CCRCs are structured so that there is a continuum of care from independent living in a senior community to units that provide assistance with living and skilled nursing care. This combination is in great demand. In fact, a study by the Center for Retirement Research at Boston College found that people were willing to move greater distances to live in communities such as CCRCs that combine independent living with the option of assisted living, as opposed to those that offer independent living exclusively.
Care Provided for Life
CCRCs are designed to take care of the full range of needs that you might encounter as you age. A full spectrum of care is provided to you. Normally, you join when you are healthy and live independently in an apartment or cottage. You have the freedom of independent living while having access to many amenities designed for seniors.

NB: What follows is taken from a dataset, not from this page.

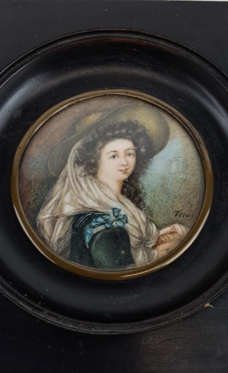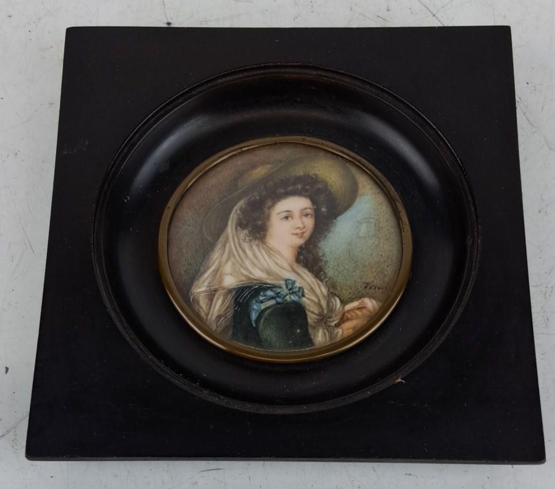 Antique miniature watercolour of a lady, signed "Vince"

Knowing that your future healthcare needs are taken care of is a great source of comfort.
Transitioning to Higher Levels of Care
If your health care needs change, you can transition to higher levels of care without having to leave your community. For instance, if you start to need help with activities of daily living such as dressing or bathing, you can move into an assisted living unit. You remain in the same community and can continue to see your friends and family.
If you need temporary care after surgery or an accident, skilled nursing care is available to you as well. This type of care is also available if you or your spouse’s health declines. Many CCRCs offer specialized memory care in case you or your spouse was to develop Alzheimer’s or some other form of dementia.
Staying With Your Spouse
If your spouse needs a different level of care than you do, you still remain in the same complex. In this case, your spouse is usually just a short walk away, and you wouldn’t have to travel far to see him or her. It may be possible to move into a CCRC jointly when one of you needs more advanced care than the other.